Participants in the study reported that they were relying primarily on informal networks, such as their families or other members of the DHH+ community, for information on how to respond to the alerts. Seven of the eight participants reported that either before or after receiving the initial alerts, they would have liked access to expanded contextual information in ASL and Pro-Tactile American Sign Language, which describes how to respond to alerts.
“The potential for partnering with the disability community is huge here.”
Many DHH+ people experience “dinner table syndrome,” a term that describes the isolation and exclusion that occur when DHH+ people surrounded by hearing people are excluded from conversations. This routine exclusion leads to gaps in knowledge about all kinds of important information, including earthquake preparedness information. Earthquake trainings that occur in schools are not always accessible to DHH+ students, either, said Michele Cooke, a structural geologist at the University of Massachusetts Amherst and a coauthor on the new study who is deaf.

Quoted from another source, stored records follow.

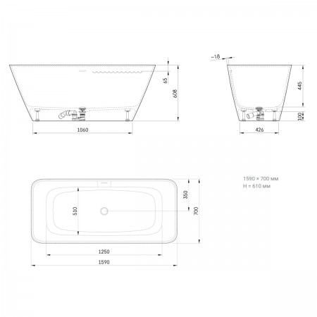 VAQUA/00 QUADRO Ванна окремостояча 159х70 см з литого (штучного) каменю, з інтегрованим сифоном, кол
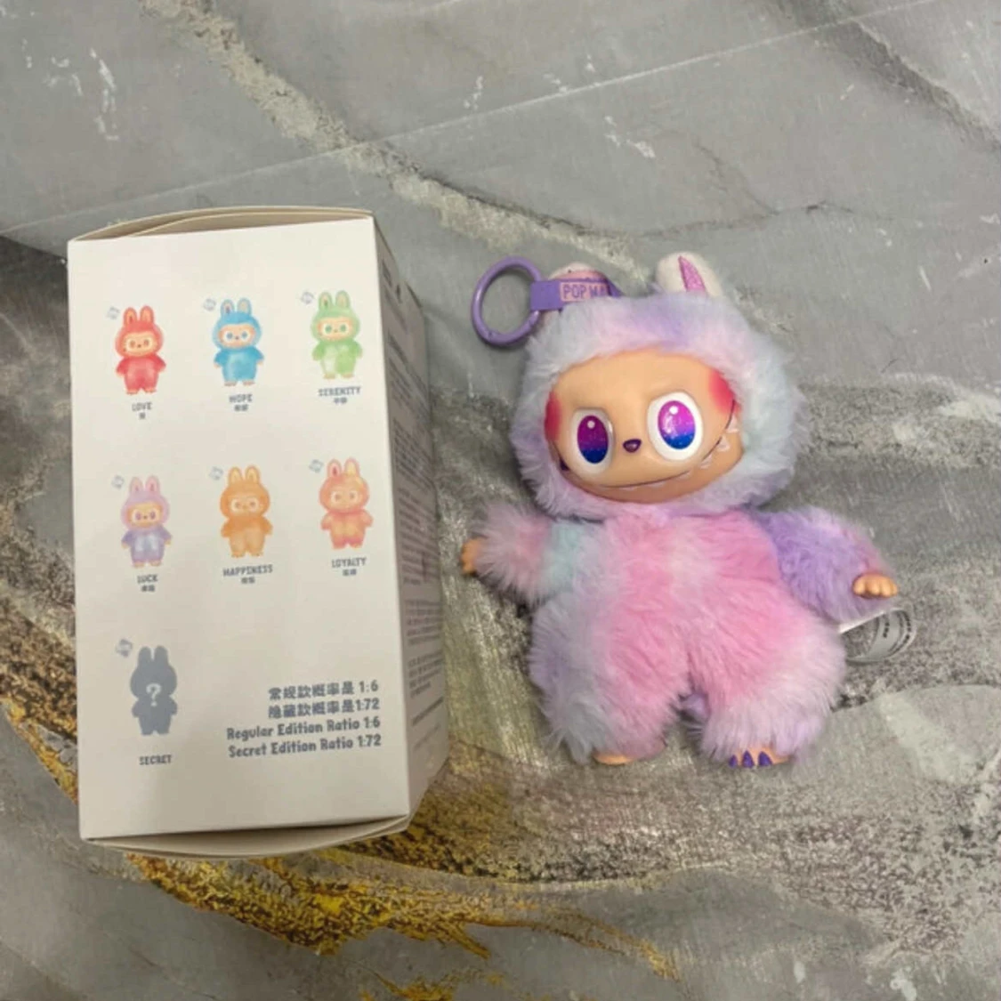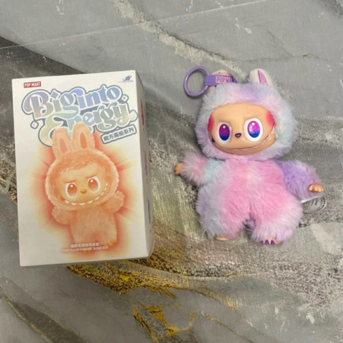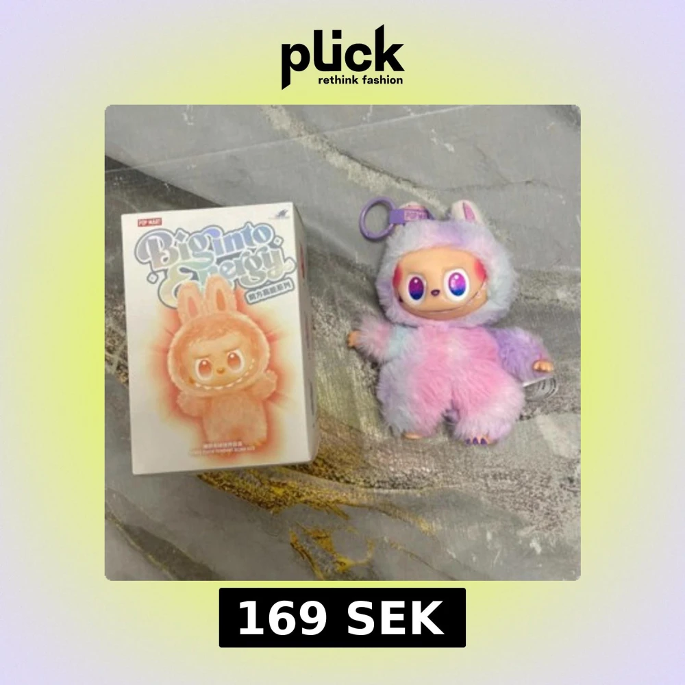 Söt Pop Mart Biginto Energy plush-figur i pastellfärger, komplett med originalförpackning. Perfekt som samlarobjekt eller nyckelring. Produkten ser ut att vara i mycket gott skick utan synligt slitage. Färgglad och unik design som passar alla Pop Mart-fans.
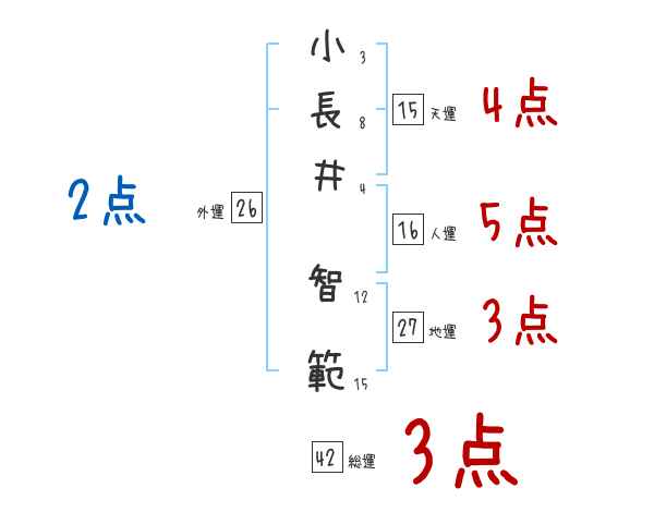 小長井智範さんの画数の鑑定結果
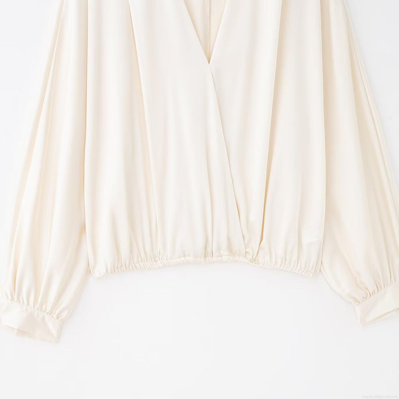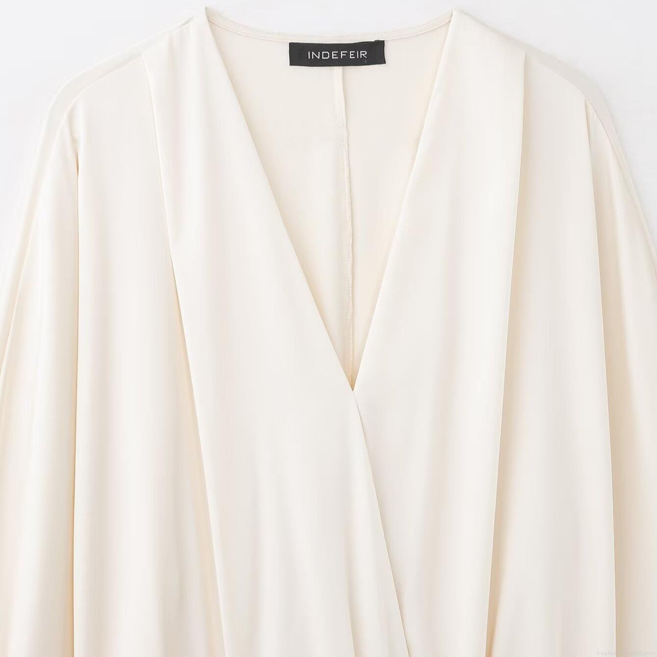 • Elegant Women's Satin V-Neck Blouse Long Sleeve Silk-Like Texture Wrap Shirt With Elastic Hem Fashionable Office Party Casual Tops For Ladies Off-White

There is “no public information in advance to share with the whole DHH+ community as to what they can expect when these kinds of emergencies happen,” Cooper signed.
In their 2024 paper revealing the dearth of research on earthquake early warning and the DHH+ community, Takayama, Cooper, Cooke, and their coauthors stressed that DHH+ people must be included in conversations about how to improve disaster alert systems and trainings for these systems to be actually accessible to the community.
“The potential for partnering with the disability community is huge here,” Cooper signed.“If scientists, public engagement people, and trainers just reach out to [DHH+] community members, that’s where they’re going to get all these cool ideas about how to make the whole system better.”
Removing barriers for DHH+ scientists is key to making disaster response systems accessible, too, Takayama signed. “We need more of them.”